Für Unternehmen, Banken, Fintech-Firmen und globale Plattformen unterstützt Thunes' Ansatz für verantwortungsbewusstes unternehmerisches Handeln mehrere wichtige Prioritäten:

  • Ausrichtung auf verantwortungsbewusstes unternehmerisches Handeln: Das Bekenntnis von Thunes zu transparenter Berichterstattung und verantwortungsvollen Geschäftspraktiken kann Kunden bei der Sorgfaltsprüfung ihrer Lieferanten sowie bei verantwortungsvollen Beschaffungsprozessen unterstützen.
  • Robuste Compliance-Rahmenwerke: KI-gestützte AML/KYC-Rahmenwerke und strenge Governance-Maßnahmen dienen dazu, Transaktionen zu sichern, effiziente globale Zahlungsströme zu unterstützen sowie das Vertrauen marktübergreifend zu stärken.
  • Ausbau der finanziellen Inklusion: Das „Direct Global Network" von Thunes trägt dazu bei, Privatpersonen und Unternehmen in etablierten und aufstrebenden Volkswirtschaften den Zugang zu schnellen und zuverlässigen grenzüberschreitenden Zahlungen zu ermöglichen.

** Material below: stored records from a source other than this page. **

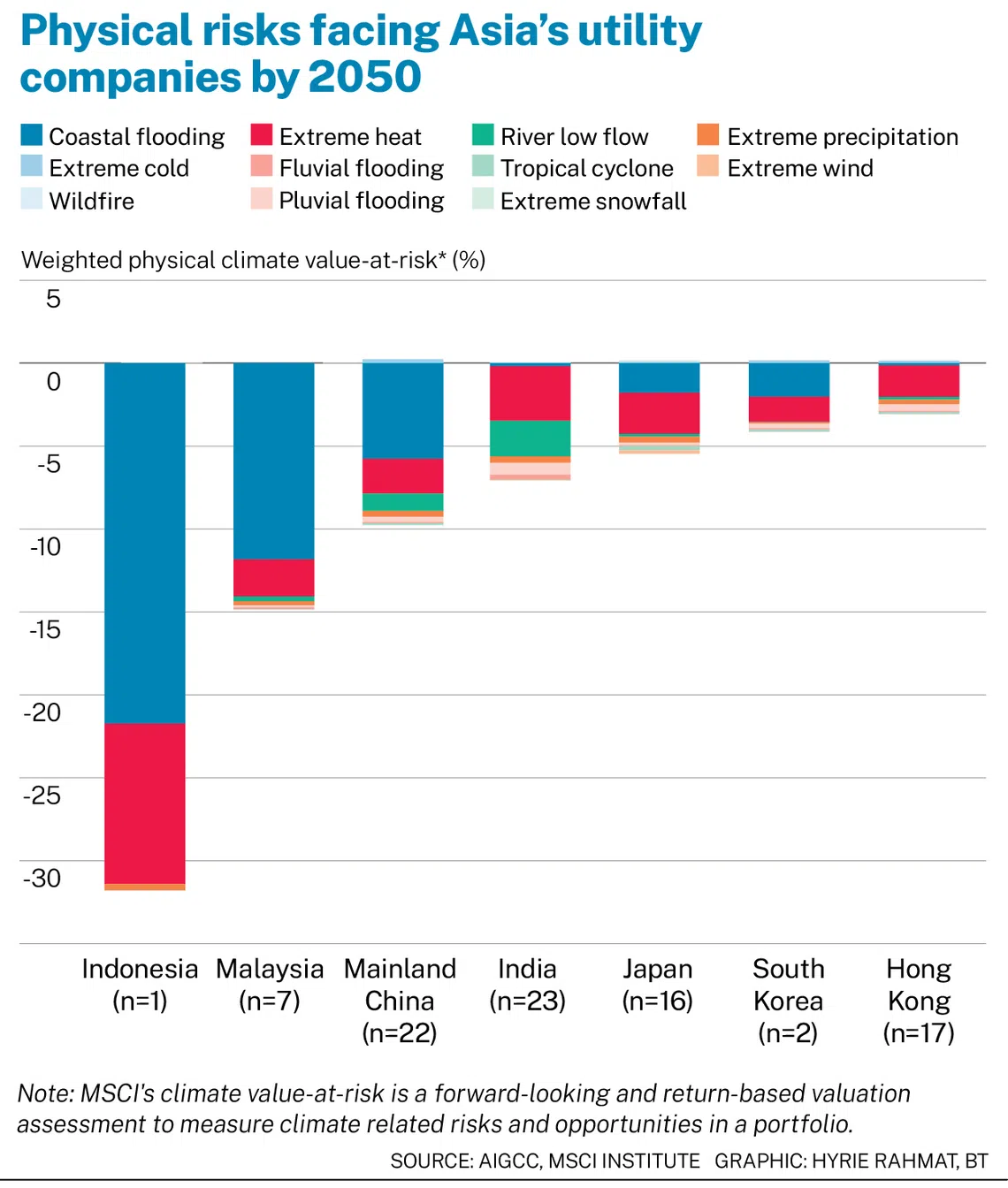 Utility companies in Indonesia were projected to have the highest valuation declines of around 30 per cent by 2050 due to their exposure to physical climate hazards. Malaysia came in second with expected valuation declines of around 15 per cent.
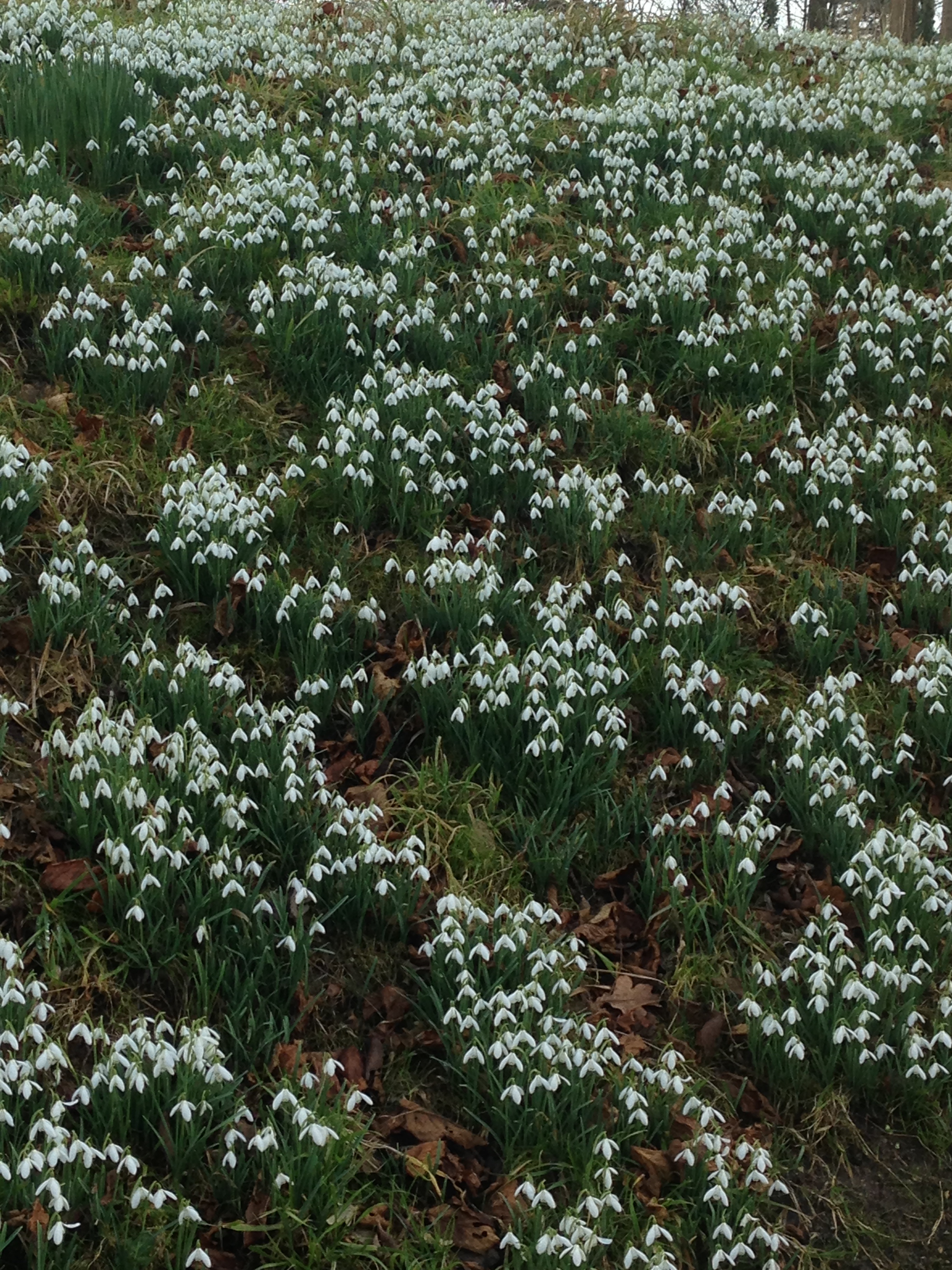 Last weekend Tricia and me, along with our friends Pat and Clive went down to Corfe for the weekend. We arrived and took lunch near the castle, and then Tricia and Pat met with the owner of the hotel we will be staying in June, when we have around 10 couples staying for the weekend. We then moved on to have a look at Lulworth cove, before going to the B&B, which was a rather lovely farmhouse. In the evening we had a ‘valentines’ meal in a nearby restaurant. The food was fantastic. Sunday was a glorious day, so a visit to Tyneham – this is a village that was taken over by the MoD in 1943, and the villagers were displaced, never to return… it is still within the Purbeck ranges used by the military. We walked to the coast, and then went off to see the snowdrops at Kingston Lacey, before returning to Swanage for a coastal walk, and then on for a lovely pub meal… a glorious day. We returned on Monday in the pouring rain and stopped off at a place called Shaftesbury (famous for the Hovis Hill). For Valentines Day and Birthday combined Tricia got us tickets to see one of my favourite musicians, Diana Krall, at the Royal Albert Hall in October… and then when in Shaftesbury she treated me to a new jacket, trousers, and shoes…. Blimey, spoilt :-). Some pictures from the Corfe trip…. At Tyneham Hall there was a stage, with some directors chairs, so one of each of us, Lulworth Cove, and the B&B we stayed at, the coast near Tyneham, and then loads of snowdrops.
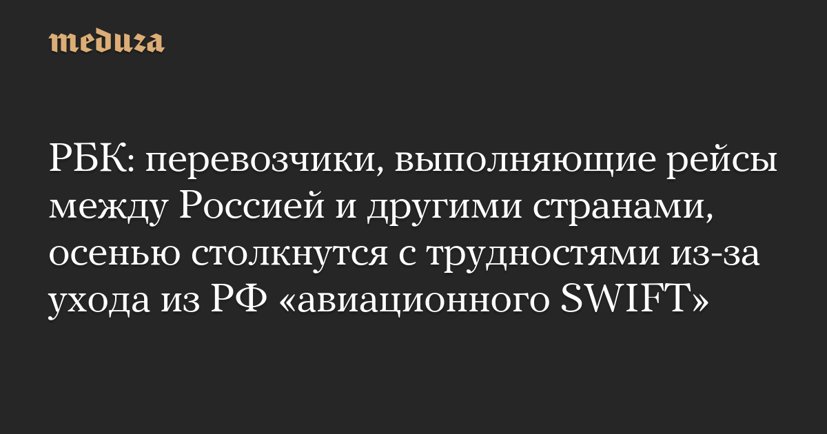 РБК: перевозчики, выполняющие рейсы между Россией и другими странами, осенью столкнутся с трудностями из-за ухода из РФ «авиационного SWIFT»

Im Fortschrittsbericht 2026 von Thunes werden die Aktivitäten des Unternehmens in folgenden Bereichen dargelegt:

  • Unternehmensführung und Korruptionsbekämpfung: Aufrechterhaltung von Richtlinien, Kontrollmechanismen, Schulungsmaßnahmen und Berichtsverfahren, die darauf abzielen, Bestechung und Korruption zu verhindern, die Integrität von Transaktionen zu wahren und eine verantwortungsvolle Entscheidungsfindung zu unterstützen.
  • Menschenrechte: Förderung international anerkannter Menschenrechte durch Unternehmensrichtlinien, verantwortungsvolle Beschäftigungspraktiken und klare Erwartungen an Lieferanten.
  • Arbeitsbedingungen und eine inklusive Belegschaft: Förderung von Chancengleichheit, Mitarbeiterentwicklung, Wohlbefinden und einem inklusiven Arbeitsumfeld in allen weltweiten Niederlassungen von Thunes.
  • Umweltverantwortung: Stärkung des internen Wissens und der betrieblichen Praktiken bei gleichzeitiger Weiterentwicklung des Ansatzes des Unternehmens zur Bewertung von Umweltrisiken und -chancen.

Chloé Mayenobe, stellvertretende Geschäftsführerin von Thunes, sagte: „Unsere Teilnahme am United Nations Global Compact spiegelt unser Engagement für den Aufbau eines verantwortungsvollen und nachhaltigen Unternehmens wider. Dieser Fortschrittsbericht vermittelt einen transparenten Einblick in unsere Arbeit und in die Bereiche, die wir im Zuge des Wachstums von Thunes weiter ausbauen werden."

Mathieu Limousi, Marketingleiter bei Thunes, fügte hinzu: „Vertrauen ist die Grundlage für den Geldtransfer. Verantwortungsbewusstes unternehmerisches Handeln muss fester Bestandteil der Geschäftstätigkeit sowie des Wachstums eines Unternehmens im globalen Zahlungsverkehr sein. Indem wir die ESG-Grundlagen von Thunes im Zuge unserer Expansion stärken, bauen wir ein widerstandsfähiges Unternehmen auf, dem unsere Mitglieder, Partner, Investoren und Gemeinschaften vertrauen können."

Thunes' Fortschrittsbericht 2026 bietet einen öffentlichen Überblick über die Richtlinien, Maßnahmen und die weitere Entwicklung des Unternehmens im Hinblick auf die zehn Prinzipien des United Nations Global Compact.

Lesen Sie den vollständigen Fortschrittsbericht 2026 auf der offiziellen Website des United Nations Global Compact.

Informationen zu Thunes:

Weitere Informationen finden Sie auf: https://www.thunes.com.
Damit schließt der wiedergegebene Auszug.